44It follows that the synthesis of the two relevant assessments is complex. This may explain the prosecution categorisation of your offending as mid-range level of seriousness.
45Ultimately, I am of the view that your offending should be seen as an upper mid-level example of the offence of negligently causing serious injury. This is so because of the consequences of your gross negligence were not as great as they could have been.
46Insofar as Charge 2 is concerned, reckless conduct endangering serious injury, it is to be noted that that offence only has a five-year maximum term of imprisonment. This charge relates to the appreciable risk of serious injury created by your driving to all road users. Here, you did injure Ms Harne. You put other road users at risk.
47I acknowledge that the same conduct, the way you drive, relates to both Charges 1 and 2 and I am conscious to avoid double punishment in your case. There are different elements in both Charges 1 and 2.
48Charge 1 relates solely to your negligently causing serious injury to Mr Eskander.
49Charge 2 relates to the others, other than Mr Eskander.
50Nonetheless, principles of totality require substantial concurrency in relation to Charge 2. Charge 3 warrants only a small fine.
51It follows although I have had you assessed for your suitability to undergo a community corrections order, I do not accept your counsel's submission nor the concession of the Crown, that a combination of a term of imprisonment and a community corrections order is within range or appropriate for your offending. General deterrence, denunciation of your conduct require a substantial custodial term be imposed.

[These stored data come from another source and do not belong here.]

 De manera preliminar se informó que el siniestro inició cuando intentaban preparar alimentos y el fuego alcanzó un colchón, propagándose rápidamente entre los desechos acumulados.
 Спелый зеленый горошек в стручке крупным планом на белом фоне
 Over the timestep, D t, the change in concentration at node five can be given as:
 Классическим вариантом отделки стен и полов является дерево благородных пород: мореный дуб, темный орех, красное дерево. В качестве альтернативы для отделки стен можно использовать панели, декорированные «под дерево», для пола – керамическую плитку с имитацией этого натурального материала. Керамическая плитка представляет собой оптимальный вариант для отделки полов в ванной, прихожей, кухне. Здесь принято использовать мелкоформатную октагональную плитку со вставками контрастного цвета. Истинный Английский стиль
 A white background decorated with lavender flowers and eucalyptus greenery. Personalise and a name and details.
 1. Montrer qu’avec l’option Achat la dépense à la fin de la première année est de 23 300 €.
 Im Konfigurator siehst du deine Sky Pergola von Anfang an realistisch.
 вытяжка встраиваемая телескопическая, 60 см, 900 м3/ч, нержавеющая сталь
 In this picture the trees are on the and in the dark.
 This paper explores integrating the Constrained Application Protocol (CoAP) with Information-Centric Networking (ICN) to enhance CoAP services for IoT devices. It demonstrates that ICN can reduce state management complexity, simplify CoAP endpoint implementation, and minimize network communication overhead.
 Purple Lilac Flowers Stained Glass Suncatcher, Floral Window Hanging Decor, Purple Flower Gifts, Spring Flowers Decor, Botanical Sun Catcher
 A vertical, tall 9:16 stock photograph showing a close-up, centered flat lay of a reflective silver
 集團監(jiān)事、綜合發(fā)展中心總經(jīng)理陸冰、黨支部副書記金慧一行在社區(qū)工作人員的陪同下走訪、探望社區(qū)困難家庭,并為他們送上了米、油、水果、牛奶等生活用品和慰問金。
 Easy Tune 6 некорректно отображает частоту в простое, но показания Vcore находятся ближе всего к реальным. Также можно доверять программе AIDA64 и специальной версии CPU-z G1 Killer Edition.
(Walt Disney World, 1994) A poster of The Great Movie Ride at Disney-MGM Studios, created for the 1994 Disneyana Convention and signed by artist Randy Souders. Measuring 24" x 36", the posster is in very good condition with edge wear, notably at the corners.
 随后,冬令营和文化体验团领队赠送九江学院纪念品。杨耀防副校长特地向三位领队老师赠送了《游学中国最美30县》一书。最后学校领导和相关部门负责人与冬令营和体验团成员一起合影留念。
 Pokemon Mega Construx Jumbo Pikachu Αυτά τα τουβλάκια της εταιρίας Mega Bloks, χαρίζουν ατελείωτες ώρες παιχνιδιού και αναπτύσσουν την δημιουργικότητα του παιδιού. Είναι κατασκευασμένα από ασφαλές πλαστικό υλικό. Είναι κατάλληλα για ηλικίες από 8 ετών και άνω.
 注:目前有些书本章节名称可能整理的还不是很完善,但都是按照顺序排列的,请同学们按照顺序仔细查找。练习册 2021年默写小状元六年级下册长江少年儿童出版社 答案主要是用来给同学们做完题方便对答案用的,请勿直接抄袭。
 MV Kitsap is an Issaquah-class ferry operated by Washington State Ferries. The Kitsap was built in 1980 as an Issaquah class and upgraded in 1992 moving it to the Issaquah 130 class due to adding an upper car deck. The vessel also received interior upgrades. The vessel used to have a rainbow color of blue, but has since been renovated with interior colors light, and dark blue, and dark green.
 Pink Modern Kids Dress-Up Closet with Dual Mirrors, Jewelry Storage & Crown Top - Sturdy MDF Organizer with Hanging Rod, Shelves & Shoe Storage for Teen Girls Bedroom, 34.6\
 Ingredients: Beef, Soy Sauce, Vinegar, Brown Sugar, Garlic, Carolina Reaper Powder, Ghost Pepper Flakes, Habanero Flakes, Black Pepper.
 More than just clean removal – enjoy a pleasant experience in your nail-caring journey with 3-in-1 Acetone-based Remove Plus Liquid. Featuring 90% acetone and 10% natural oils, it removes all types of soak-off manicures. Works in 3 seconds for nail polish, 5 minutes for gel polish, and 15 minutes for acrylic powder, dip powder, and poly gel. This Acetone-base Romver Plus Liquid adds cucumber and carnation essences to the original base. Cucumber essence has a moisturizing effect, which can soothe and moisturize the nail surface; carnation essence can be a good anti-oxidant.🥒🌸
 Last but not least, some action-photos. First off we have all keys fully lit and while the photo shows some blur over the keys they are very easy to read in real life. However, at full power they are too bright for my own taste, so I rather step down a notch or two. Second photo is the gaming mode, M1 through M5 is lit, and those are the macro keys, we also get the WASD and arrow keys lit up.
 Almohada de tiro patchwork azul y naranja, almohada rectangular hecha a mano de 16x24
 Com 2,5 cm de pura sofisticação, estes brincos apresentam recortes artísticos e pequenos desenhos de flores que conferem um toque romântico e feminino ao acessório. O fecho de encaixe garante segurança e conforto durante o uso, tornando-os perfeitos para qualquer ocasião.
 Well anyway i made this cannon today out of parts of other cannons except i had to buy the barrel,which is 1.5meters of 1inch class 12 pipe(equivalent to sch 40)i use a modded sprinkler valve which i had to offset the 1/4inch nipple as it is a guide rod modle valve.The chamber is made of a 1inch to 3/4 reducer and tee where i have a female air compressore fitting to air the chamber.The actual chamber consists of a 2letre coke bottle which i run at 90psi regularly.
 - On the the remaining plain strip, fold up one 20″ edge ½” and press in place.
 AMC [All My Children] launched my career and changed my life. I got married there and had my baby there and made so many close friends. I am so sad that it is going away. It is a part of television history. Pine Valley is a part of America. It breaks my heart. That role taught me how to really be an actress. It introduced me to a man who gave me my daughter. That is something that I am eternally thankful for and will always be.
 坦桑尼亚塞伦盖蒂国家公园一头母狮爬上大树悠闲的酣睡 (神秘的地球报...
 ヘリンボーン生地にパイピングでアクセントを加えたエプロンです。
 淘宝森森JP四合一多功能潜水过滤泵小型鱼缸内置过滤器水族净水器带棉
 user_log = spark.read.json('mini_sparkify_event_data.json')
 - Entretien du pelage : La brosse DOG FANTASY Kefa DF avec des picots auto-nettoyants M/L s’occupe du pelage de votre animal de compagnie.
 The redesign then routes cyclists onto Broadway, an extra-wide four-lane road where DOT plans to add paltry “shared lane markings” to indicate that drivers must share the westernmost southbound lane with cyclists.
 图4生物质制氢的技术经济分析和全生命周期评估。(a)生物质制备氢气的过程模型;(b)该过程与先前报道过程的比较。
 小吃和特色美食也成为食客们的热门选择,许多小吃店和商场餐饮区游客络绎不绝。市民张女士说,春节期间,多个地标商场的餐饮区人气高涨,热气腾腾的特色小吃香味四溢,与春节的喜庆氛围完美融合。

The Court of Appeal has repeatedly said so.
52I have given as much weight as possible to the matters in mitigation demonstrated in your case, but ultimately the objective seriousness of your offending requires such a sentence.
53On all charges you are convicted.
54On Charge 1, negligently cause serious injury, you are sentenced to be imprisoned for four years and six months.
55On Charge 2, reckless conduct endangering serious injury, you are sentenced to be imprisoned for 12 months.
56On Charge 3, possession of cannabis, you are fined $200.
57I order that four months of the sentence imposed on Charge 2 be served cumulatively upon the sentence imposed on Charge 1, which I declare to be the base sentence.
58That is an effective term of imprisonment of four years and 10 months and I order that you serve three years of that sentence before being eligible for parole.
59Can anyone tell me what the pre-sentence detention is at the moment?
60MS GURRY: Yes, Your Honour, we have a calculation of eight days, not including today.
61HIS HONOUR: Do you agree with that Mr Collins? You are on mute, Mr Collins.
62MR COLLINS: Yes, I am. I do agree with that, Your Honour, yes.
63
HIS HONOUR: Thank you. I declare that eight days of the sentence I have just imposed, not including today, has already been served by way of
pre-sentence detention.
64I declare pursuant to s6AAA of the Sentencing Act 1991 that but for your pleas of guilty I would have imposed a term of imprisonment of seven years and six months, with a non-parole period of five years.
65On Charge 1 I order that any licence you hold be cancelled and you are disqualified from holding such a licence for three years from today's date.
66Pursuant to s89C(1) of the Sentencing Act 1991 I find, and I direct that it be recorded that Charges 1 and 2 were committed whilst you were under the influence of drugs and that drugs contributed to the offence.
67I make the disposal and forfeiture orders sought by the prosecution.
68MS GURRY: As Your Honour pleases.
69HIS HONOUR: Are there any other orders required, Ms Gurry?
70MS GURRY: No, there is not, Your Honour, thank you.
71HIS HONOUR: All right. Mr Collins?
72MR COLLINS: No, nothing. Nothing, Your Honour.
73HIS HONOUR: All right. I terminate the link and I will adjourn now till 10 o'clock.